Amy Likar (Photo by Jack Paulus)

AL: In January I did a tour of the Southeast giving master classes and recitals, premiering a new work by Donald Sloan called “Move. Pause.—>” at Coastal Carolina University, University of South Carolina, and Columbus State University (GA). I also did a Body Mapping workshop and master class at the University of North Carolina at Charlotte. In March, I performed Concerto for Piccolo and Orchestra (which I toured with piano in January) by Martin Rokeach with a student-run orchestra at the University of Southern California. I premiered this work with the Oakland Symphony in 2016 and also played a part of it at the Orlando National Flute Association Convention in 2018 with its newly published piano reduction. I’ll be performing “Move. Pause.—->” at the National Flute Association Convention in Salt Lake City in August 2019.
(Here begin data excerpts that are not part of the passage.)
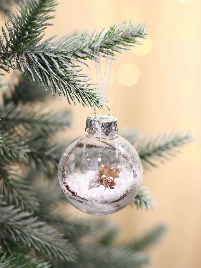 Прозрачные шары отражают свет гирлянд, наполняя пространство мягким сиянием и подчёркивая белоснежную палитру зимних праздников. Их элегантность помогает сформировать уютный и стильный новогодний декор.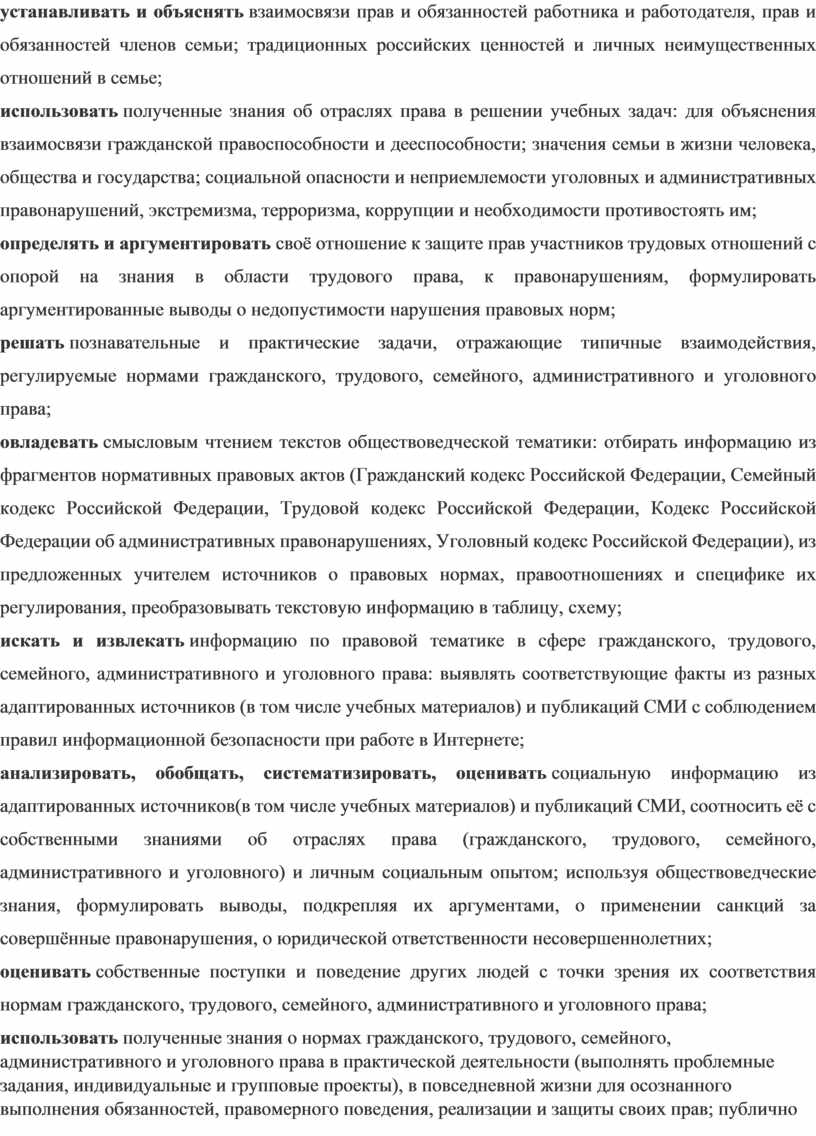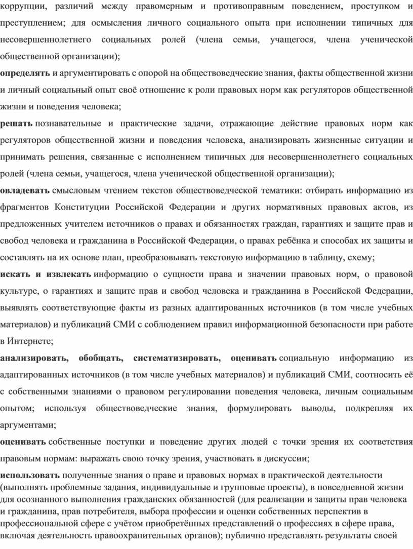 · формирование опыта применения полученных знаний и умений для выстраивания отношений между людьми различных национальностей и вероисповеданий в общегражданской и в семейно-бытовой сферах; для соотнесения своих действий и действий других людей с нравственными ценностями и нормами поведения, установленными законом; содействия правовыми способами и средствами защите правопорядка в обществе.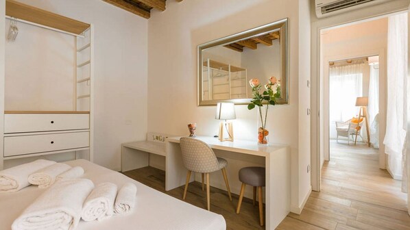 Perfect for couples of friends and families, this wide and modern apartment is very well located, just 2 minutes walk from the Arena. The unit comes with a living area with a fully equipped kitchen, 2 separate bedrooms area, each one with a private bathroom with the shower. A small balcony is a plus to relax drinking a glass of wine during summer days. (Pay attention: the property is located in a restricted traffic area. Recommended public parking: Piazza Cittadella).
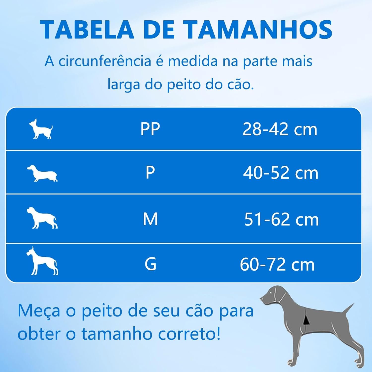 Meça o peito do seu cão e consulte a tabela de tamanhos para um ajuste correto. -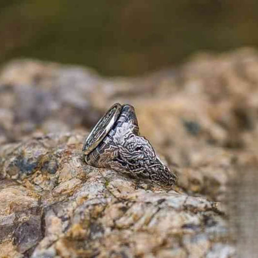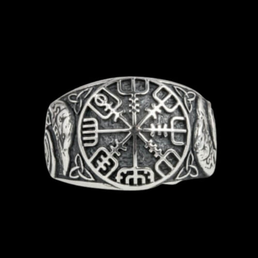 Handcrafted Vegvisir Symbol Raven Style Silver Ring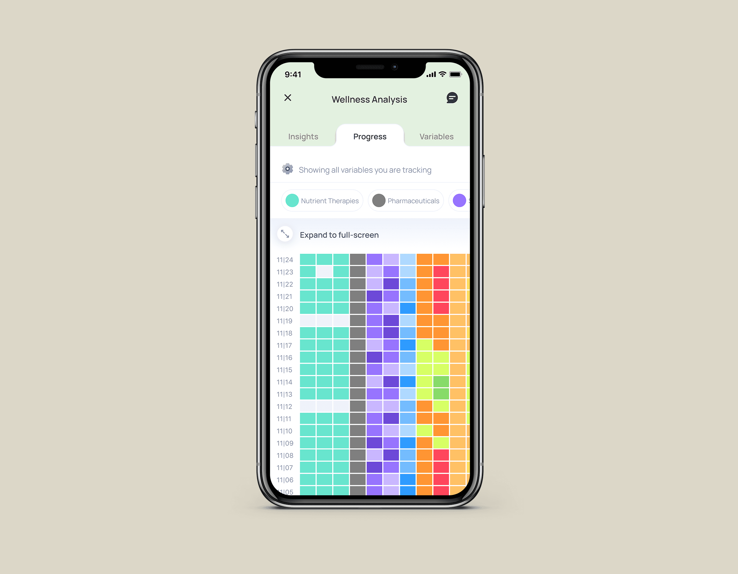 Tracking the user's progress was a challenge. Ultimately, we opted for a push system of simpler visualizations to show major improvements, or areas of concern, but to communicate the sense of complexity of the data being collected, (as well as to appeal to the love of details and stats in people with OCD, funny enough), we had this visualization that tracked the totality of a user's inputs and outputs over time. While a data literate person can read it, the main purpose is to provide a sense of the workings under the hood that would otherwise be abstract and invisible.

In addition to my Oakland Symphony schedule, I frequently freelance with other groups in the Bay Area. I also teach at St. Mary’s College of California. I’ll be performing “Chansons Medacasses” by Ravel in May on a chamber concert in San Francisco.  

In 2017, I was on tour in Europe and taught classes and gave a recital in Skofja Loka and Ljubljana, Slovenia, taught masterclasses in Milan, Italy and also at the Conservatoire de Nice. It was so fun to teach a class in French and work with students in Nice almost 30 years after I had been a student there.

Q: Anything else you’d like us to know?

AL: I’ve been a Powell flute player for 25 years and am proud to be a Powell Performing Artist.

Living a musical life is the best. : )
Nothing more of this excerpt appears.